> [Recorded data]
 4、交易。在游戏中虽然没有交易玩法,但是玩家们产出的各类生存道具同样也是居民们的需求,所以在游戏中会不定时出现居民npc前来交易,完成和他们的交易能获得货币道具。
...
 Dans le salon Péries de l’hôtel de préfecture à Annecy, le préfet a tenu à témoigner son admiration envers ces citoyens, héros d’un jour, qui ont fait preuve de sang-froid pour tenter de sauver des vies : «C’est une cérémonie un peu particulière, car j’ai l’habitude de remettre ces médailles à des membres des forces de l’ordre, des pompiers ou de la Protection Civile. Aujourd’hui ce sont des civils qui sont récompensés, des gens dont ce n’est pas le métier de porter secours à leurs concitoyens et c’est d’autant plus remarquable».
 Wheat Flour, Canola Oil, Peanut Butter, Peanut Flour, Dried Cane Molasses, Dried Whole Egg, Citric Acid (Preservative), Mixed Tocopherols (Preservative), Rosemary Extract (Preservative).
...
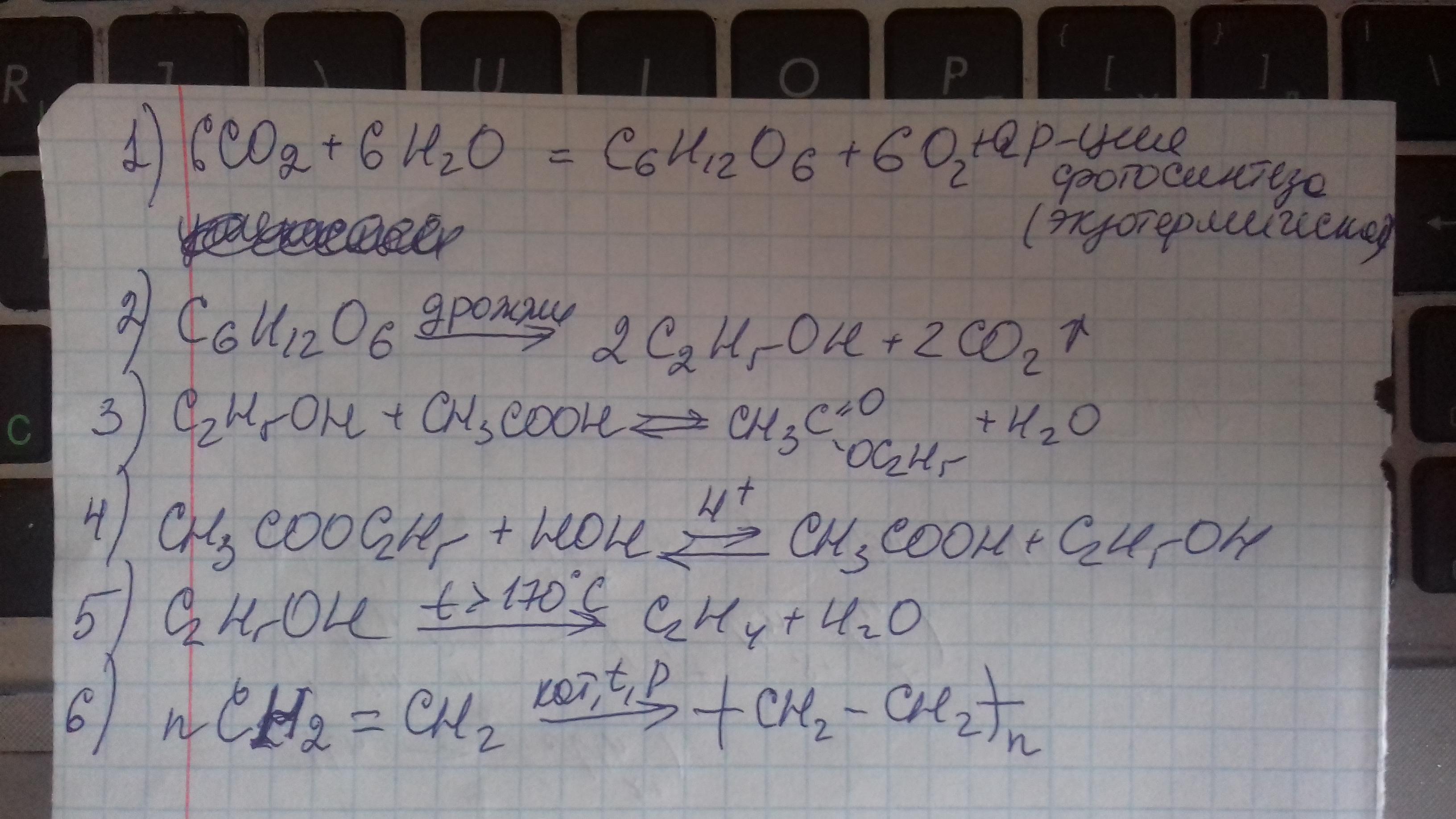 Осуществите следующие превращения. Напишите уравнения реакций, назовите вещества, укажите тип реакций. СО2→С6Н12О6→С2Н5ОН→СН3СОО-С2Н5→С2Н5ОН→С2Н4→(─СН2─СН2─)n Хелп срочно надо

> [Task objective] Only one stretch of the records above is wanted: the lines between the one holding "Dans le salon" and the one holding "Wheat Flour, Canola", inclusive, reproduced exactly.

> [Result]
 Dans le salon Péries de l’hôtel de préfecture à Annecy, le préfet a tenu à témoigner son admiration envers ces citoyens, héros d’un jour, qui ont fait preuve de sang-froid pour tenter de sauver des vies : «C’est une cérémonie un peu particulière, car j’ai l’habitude de remettre ces médailles à des membres des forces de l’ordre, des pompiers ou de la Protection Civile. Aujourd’hui ce sont des civils qui sont récompensés, des gens dont ce n’est pas le métier de porter secours à leurs concitoyens et c’est d’autant plus remarquable».
 Wheat Flour, Canola Oil, Peanut Butter, Peanut Flour, Dried Cane Molasses, Dried Whole Egg, Citric Acid (Preservative), Mixed Tocopherols (Preservative), Rosemary Extract (Preservative).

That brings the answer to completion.